AIB posted their interim report today, and the results do not look good. AIB lost €700m according to their half-year report today, and that’s only the start of the bad news. AIB have also set aside €1.2 billion to cover any potential loan losses resulting from COVID-19.
When questioned about the AIB’s interim results, Chief Executive Officer Colin Hunt said that their financial report was heavily shaped by the pandemic. He did state that the €1.2 billion expected credit loss charge in the first half of 2020 represents a large majority of the bank’s ECL charge for the full year of 2020. 
AIB’s net interest income also fell 8% during the first half of 2020 relative to the first half of last year. AIB’s net interest income for the first half of 2020 is now just €967 million. The first half of 2020’s net interest margin is 2.10%, which is 0.15% lower than the net interest margin of quarter 4 2019 (2.25%). This lower net interest margin for the first half of 2020 is mainly a result of excess liquidity. 
The pre-provision operating profit of AIB for the first half of 2020 was €0.4 billion, and the loss after taxes was €0.7 billion. These losses across the board as well as the projected €1.2 billion ECL charge is due to worsened economic predictions as a result of the COVID-19 pandemic. 

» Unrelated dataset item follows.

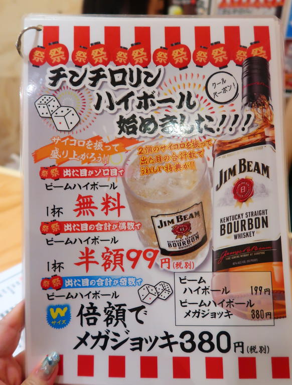 最初のドリンクは、エキサイティングなチンチロリンハイボールに決定!

AIB unfortunately has reported lower new lending across all their sectors as a result of the COVID-19 pandemic. New lending for AIB was reduced by €1.6 billion (-27%) down to €4.4 billion, and retail banking new lending was reduced by 13%. 

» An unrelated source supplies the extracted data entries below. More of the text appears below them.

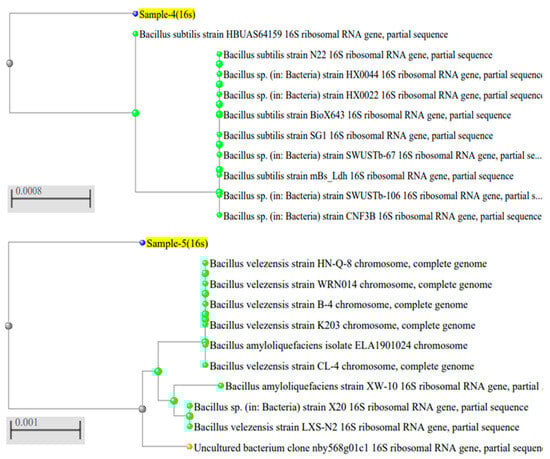 The phylogenetic trees identified for Bacillus subtilis OP823140 (Sample 4) and B. amyloliquefaciens OP823147 (Sample 5) by 16S rRNA amplification primers, compared with sequences retrieved from GenBank.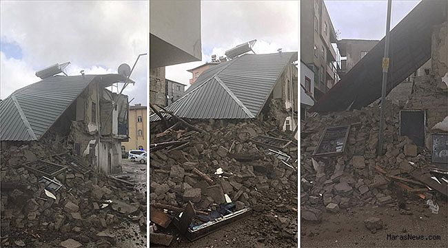 Müftüler Sokak üzerinde bulunan 2 katlı kerpiç evin yarısı büyük bir gürültüyle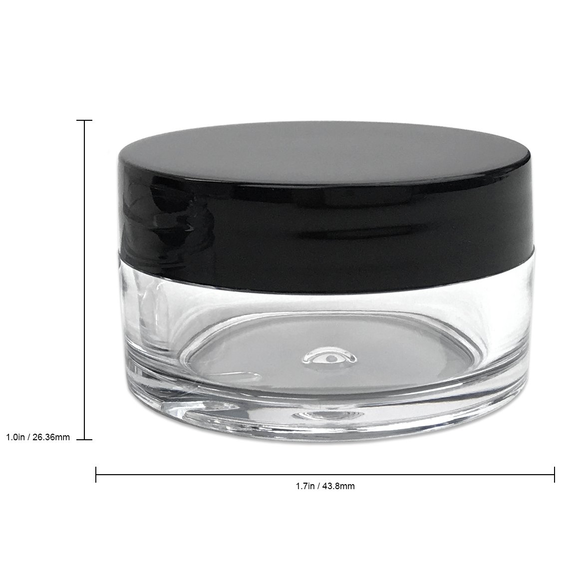 20G/ 20ML Round Acrylic Clear Thick Jars with Flat Top Screw Lid – Color: Black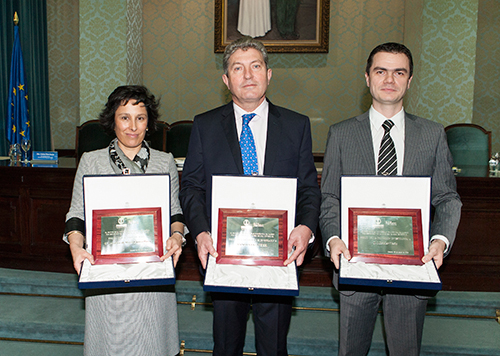 El rector de la Universidad Politécnica de Madrid (UPM), Carlos Conde, ha entregado, en el marco de la ceremonia conmemorativa de Santo Tomás de Aquino, los galardones que reconocen anualmente la labor de sus investigadores más desatacados. Asunción Gómez, catedrática de la Escuela Técnica Superior de Ingenieros Informáticos, ha ganado el Premio UPM de Investigación, mientras que Miroslav Vasic, vinculado al Centro de Electrónica Industrial, el Premio UPM de Proyección Investigadora. El Banco Santander ha sido distinguido con el Premio UPM de Colaboración en Investigación.

In terms of good news, AIB has continued to have their management focus on cost discipline. In the first half of 2020 costs were only €747 million, which meets trends set back in the first half of 2019. AIB also reported a 6% decrease in FTE employee numbers compared to June 2019. 

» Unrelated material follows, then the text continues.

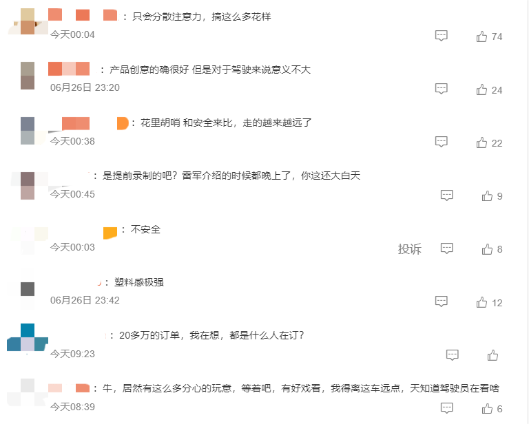 不仅是车企,网友们对小米YU7也是看法不一。社交平台上,有网友分析了小米YU7大定数量后表示,1小时大定突破28.9万台,这一情况用米粉行为来解释很明显说不通。但是也有一些网友在小米YU7的测评视频下面评论,一些功能“花里胡哨”,“塑料感极强”,“都是什么人在订?”

There is more good news for AIB during this pandemic though, as they do have a strong capital position. The interim report from AIB has stated a CET1 (FL) of 16.4%. The pro-forma CET1 (FL) accounts for 15.6%, which is significantly above the bank’s target of more than 14% CET1. As it currently stands, the bank’s transitional CET1 ratio (20.2%) is over twice the 2020 regulatory required amount.